> Data
------------

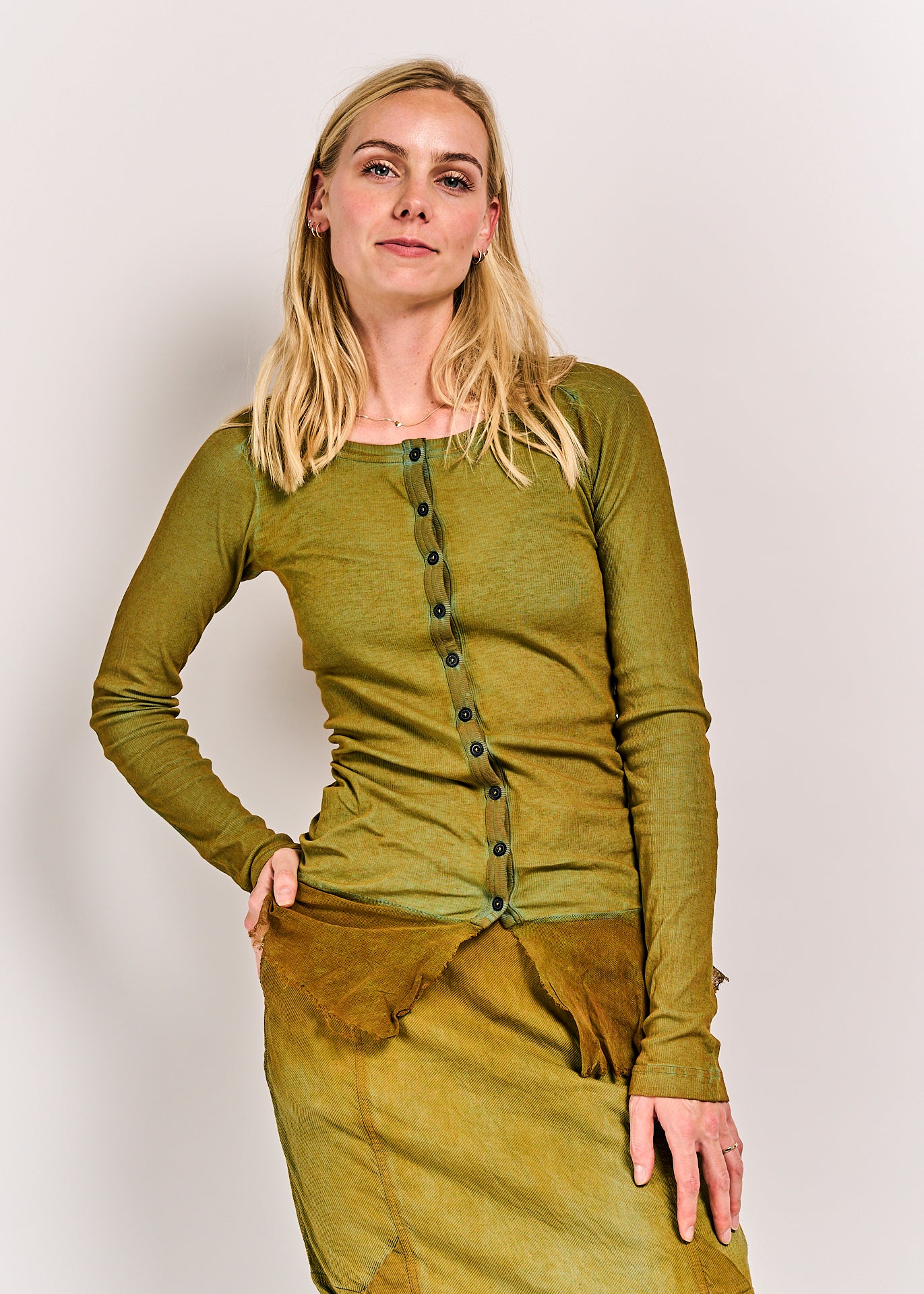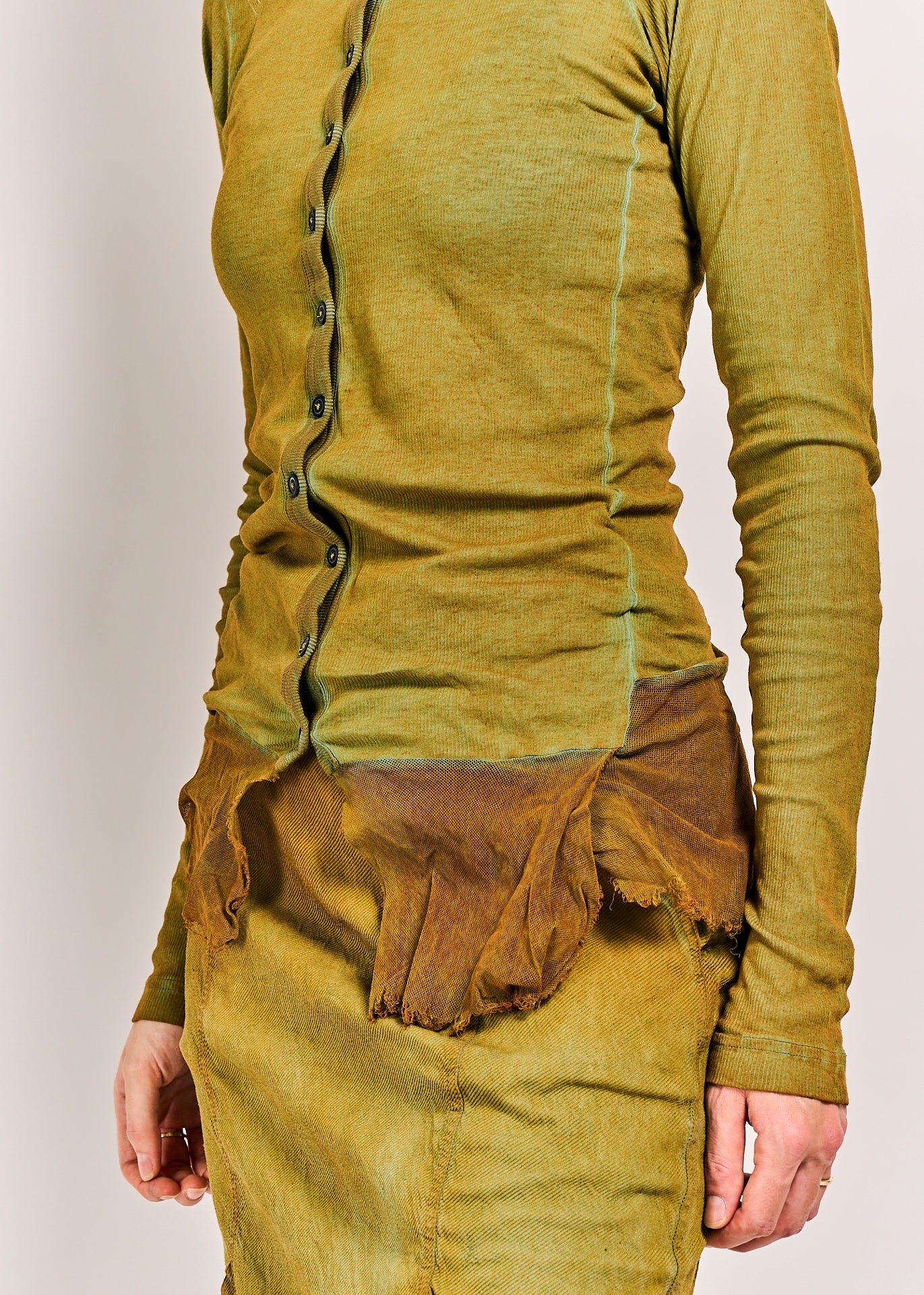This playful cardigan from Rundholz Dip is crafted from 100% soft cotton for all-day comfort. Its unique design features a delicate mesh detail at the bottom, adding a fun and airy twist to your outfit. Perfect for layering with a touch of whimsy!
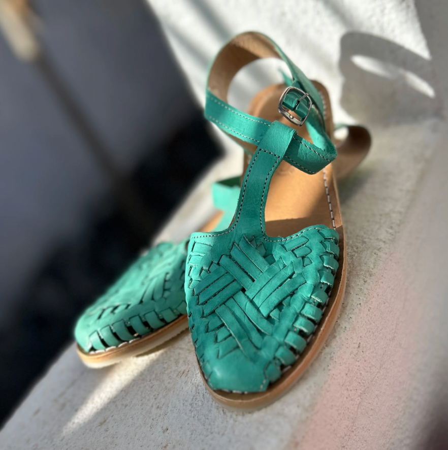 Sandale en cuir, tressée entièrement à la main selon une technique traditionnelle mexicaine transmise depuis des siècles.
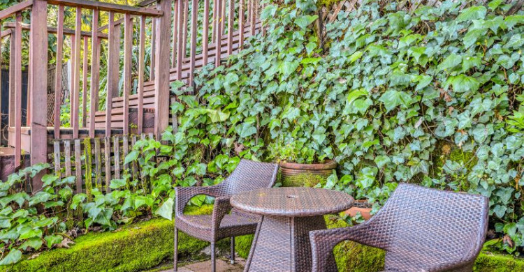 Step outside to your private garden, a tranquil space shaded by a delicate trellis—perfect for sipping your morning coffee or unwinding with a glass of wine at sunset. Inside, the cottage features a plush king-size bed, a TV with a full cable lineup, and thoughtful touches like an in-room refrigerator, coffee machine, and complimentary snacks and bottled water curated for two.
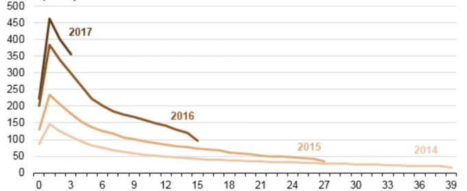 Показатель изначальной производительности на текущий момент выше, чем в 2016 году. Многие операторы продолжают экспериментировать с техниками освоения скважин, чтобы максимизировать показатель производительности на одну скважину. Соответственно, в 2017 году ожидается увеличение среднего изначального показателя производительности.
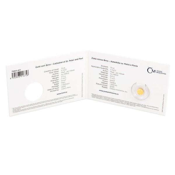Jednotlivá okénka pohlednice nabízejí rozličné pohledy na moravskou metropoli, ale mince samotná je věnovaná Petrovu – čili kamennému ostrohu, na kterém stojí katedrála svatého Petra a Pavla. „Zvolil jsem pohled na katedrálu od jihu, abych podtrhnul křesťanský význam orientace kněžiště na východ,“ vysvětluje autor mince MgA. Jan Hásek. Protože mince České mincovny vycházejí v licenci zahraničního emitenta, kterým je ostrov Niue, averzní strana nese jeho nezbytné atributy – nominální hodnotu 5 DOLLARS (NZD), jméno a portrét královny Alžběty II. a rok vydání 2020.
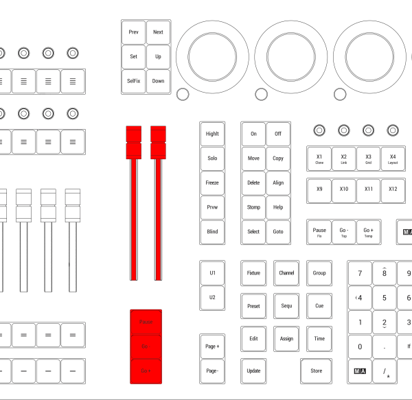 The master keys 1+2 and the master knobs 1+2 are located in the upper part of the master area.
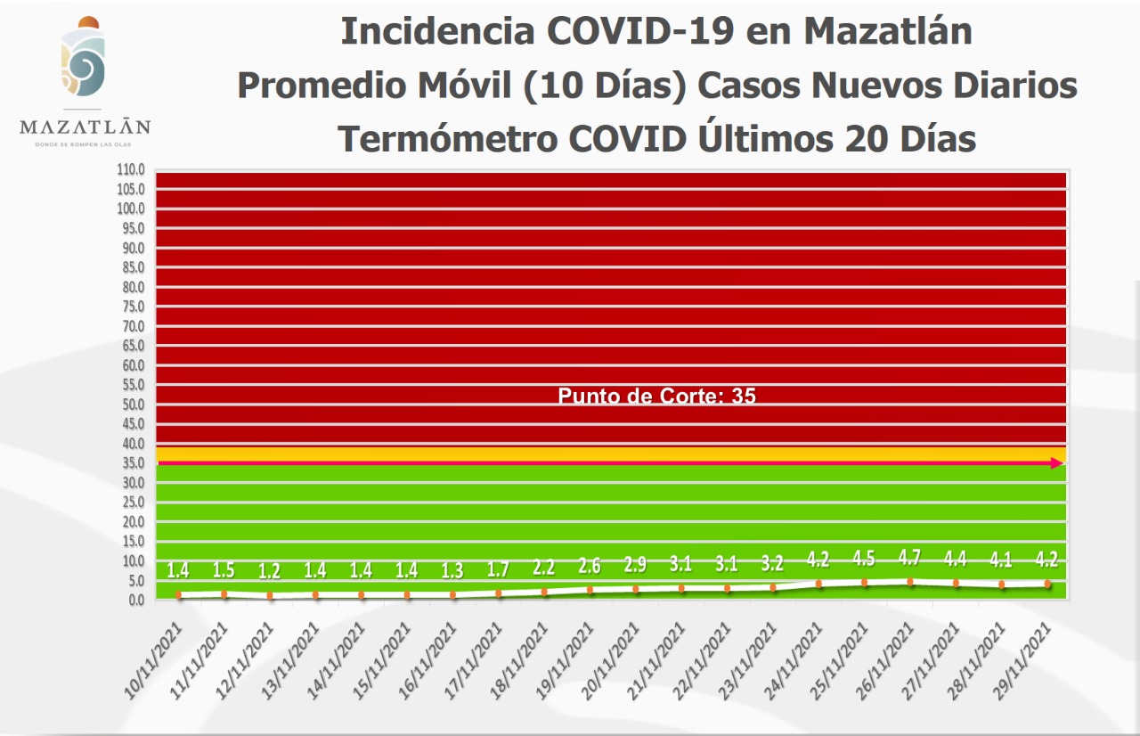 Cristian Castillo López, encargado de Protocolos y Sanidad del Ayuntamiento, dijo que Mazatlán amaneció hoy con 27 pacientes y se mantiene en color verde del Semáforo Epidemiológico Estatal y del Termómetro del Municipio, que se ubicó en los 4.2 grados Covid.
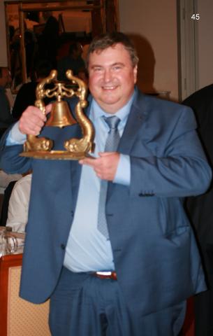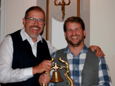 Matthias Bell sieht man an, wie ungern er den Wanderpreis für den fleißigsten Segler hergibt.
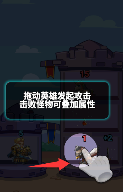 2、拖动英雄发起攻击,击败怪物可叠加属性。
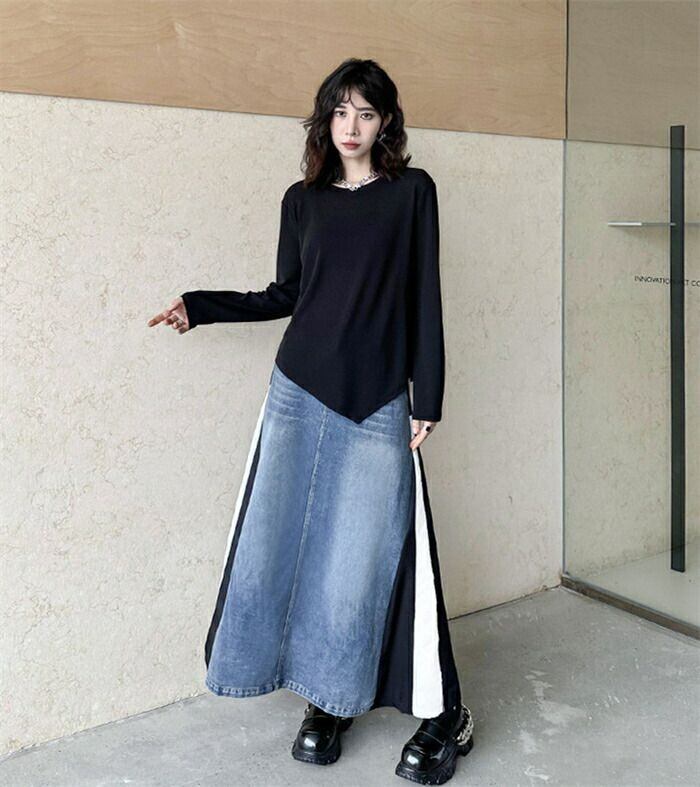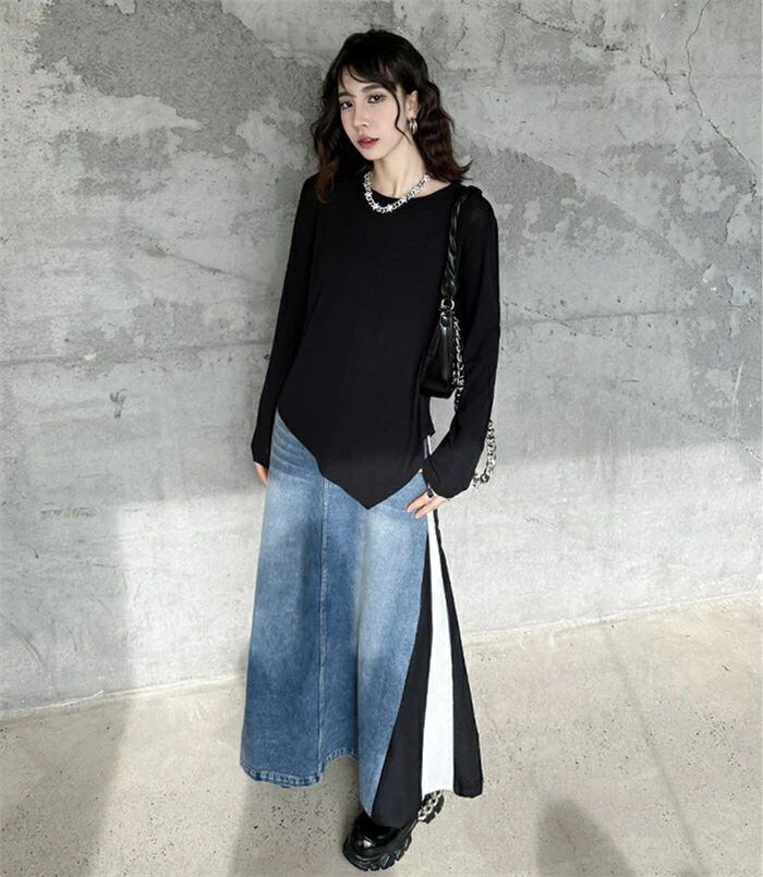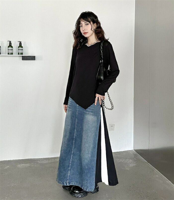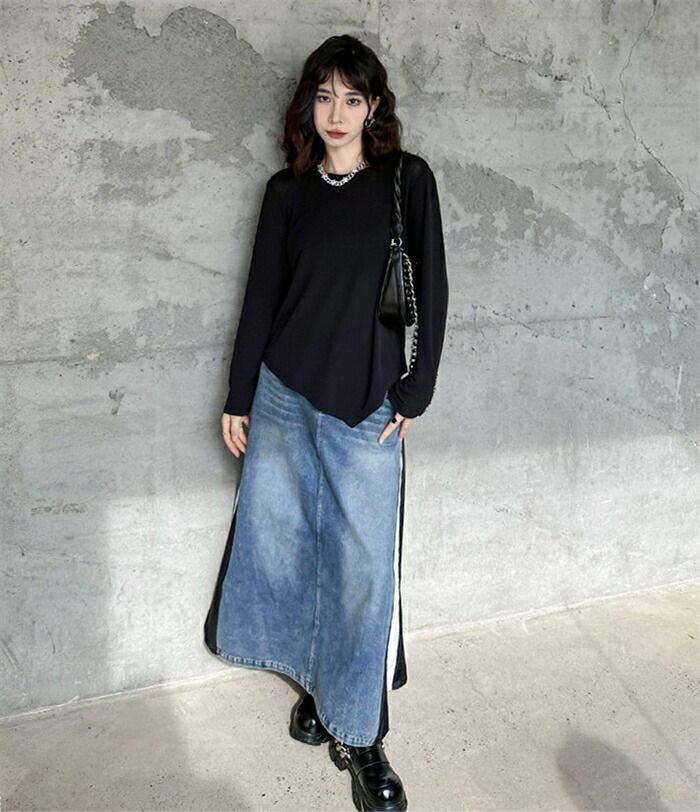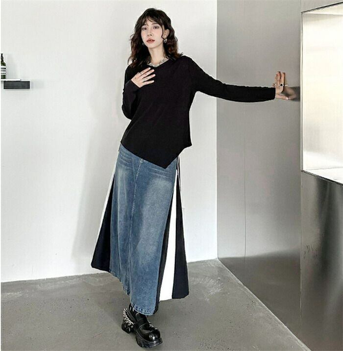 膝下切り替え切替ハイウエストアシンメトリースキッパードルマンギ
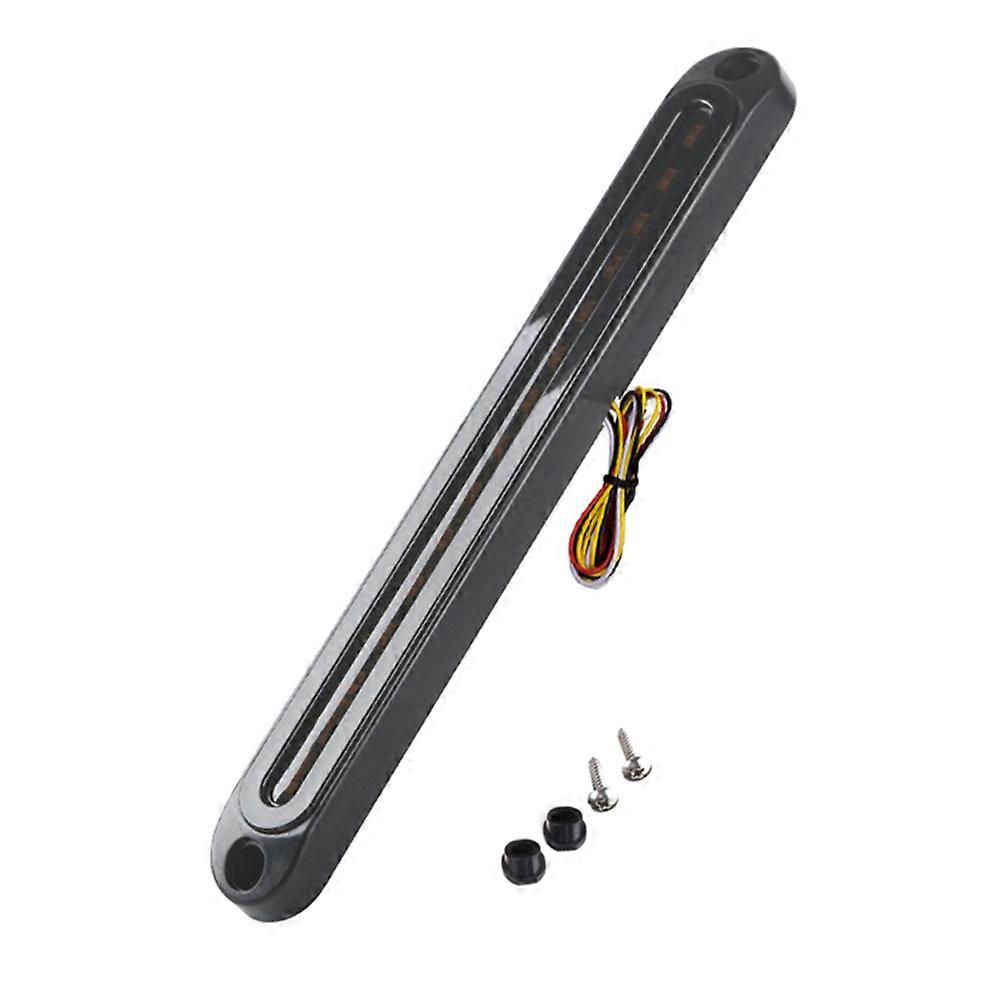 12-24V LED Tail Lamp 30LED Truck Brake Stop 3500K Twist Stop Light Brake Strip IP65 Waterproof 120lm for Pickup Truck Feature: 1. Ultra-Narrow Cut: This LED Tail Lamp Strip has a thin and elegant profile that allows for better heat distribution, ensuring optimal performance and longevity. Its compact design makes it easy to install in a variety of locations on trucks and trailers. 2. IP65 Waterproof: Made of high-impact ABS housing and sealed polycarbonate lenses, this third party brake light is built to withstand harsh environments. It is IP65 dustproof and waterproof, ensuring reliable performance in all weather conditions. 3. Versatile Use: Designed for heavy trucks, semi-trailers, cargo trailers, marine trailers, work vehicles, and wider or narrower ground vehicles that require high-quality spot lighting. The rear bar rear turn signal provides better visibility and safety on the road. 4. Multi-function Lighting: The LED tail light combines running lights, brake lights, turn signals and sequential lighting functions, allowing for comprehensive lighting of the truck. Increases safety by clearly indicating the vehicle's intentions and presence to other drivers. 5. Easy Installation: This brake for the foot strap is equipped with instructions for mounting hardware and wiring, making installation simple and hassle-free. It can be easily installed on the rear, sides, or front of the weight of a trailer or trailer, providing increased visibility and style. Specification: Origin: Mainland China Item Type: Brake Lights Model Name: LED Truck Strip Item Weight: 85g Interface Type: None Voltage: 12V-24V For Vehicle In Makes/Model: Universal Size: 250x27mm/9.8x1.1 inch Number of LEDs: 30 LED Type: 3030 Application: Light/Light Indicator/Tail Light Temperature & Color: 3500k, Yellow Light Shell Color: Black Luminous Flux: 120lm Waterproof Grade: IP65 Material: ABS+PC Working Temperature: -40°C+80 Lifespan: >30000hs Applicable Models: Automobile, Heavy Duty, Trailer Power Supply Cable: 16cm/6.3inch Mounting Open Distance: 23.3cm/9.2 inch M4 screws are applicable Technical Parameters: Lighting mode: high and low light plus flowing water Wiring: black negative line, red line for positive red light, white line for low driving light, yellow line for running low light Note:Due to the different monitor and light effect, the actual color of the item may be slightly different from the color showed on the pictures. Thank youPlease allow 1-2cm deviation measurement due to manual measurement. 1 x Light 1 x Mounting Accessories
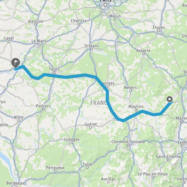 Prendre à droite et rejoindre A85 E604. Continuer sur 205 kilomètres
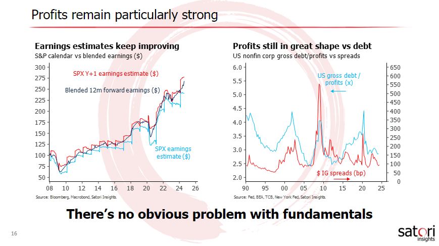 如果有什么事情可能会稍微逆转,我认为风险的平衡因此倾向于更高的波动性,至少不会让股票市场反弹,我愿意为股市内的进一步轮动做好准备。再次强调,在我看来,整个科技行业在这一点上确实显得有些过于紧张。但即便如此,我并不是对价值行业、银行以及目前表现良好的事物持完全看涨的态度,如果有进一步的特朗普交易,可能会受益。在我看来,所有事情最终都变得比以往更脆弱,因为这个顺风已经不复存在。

------------

> Work request
Although the records hold pictures, the copy must not; give again exactly the lines from the one with "Matthias Bell sieht" through the one with "膝下切り替え切替ハイウエストアシンメトリースキッパードルマンギ".

> Response to the exercise
 Matthias Bell sieht man an, wie ungern er den Wanderpreis für den fleißigsten Segler hergibt.
 2、拖动英雄发起攻击,击败怪物可叠加属性。
 膝下切り替え切替ハイウエストアシンメトリースキッパードルマンギ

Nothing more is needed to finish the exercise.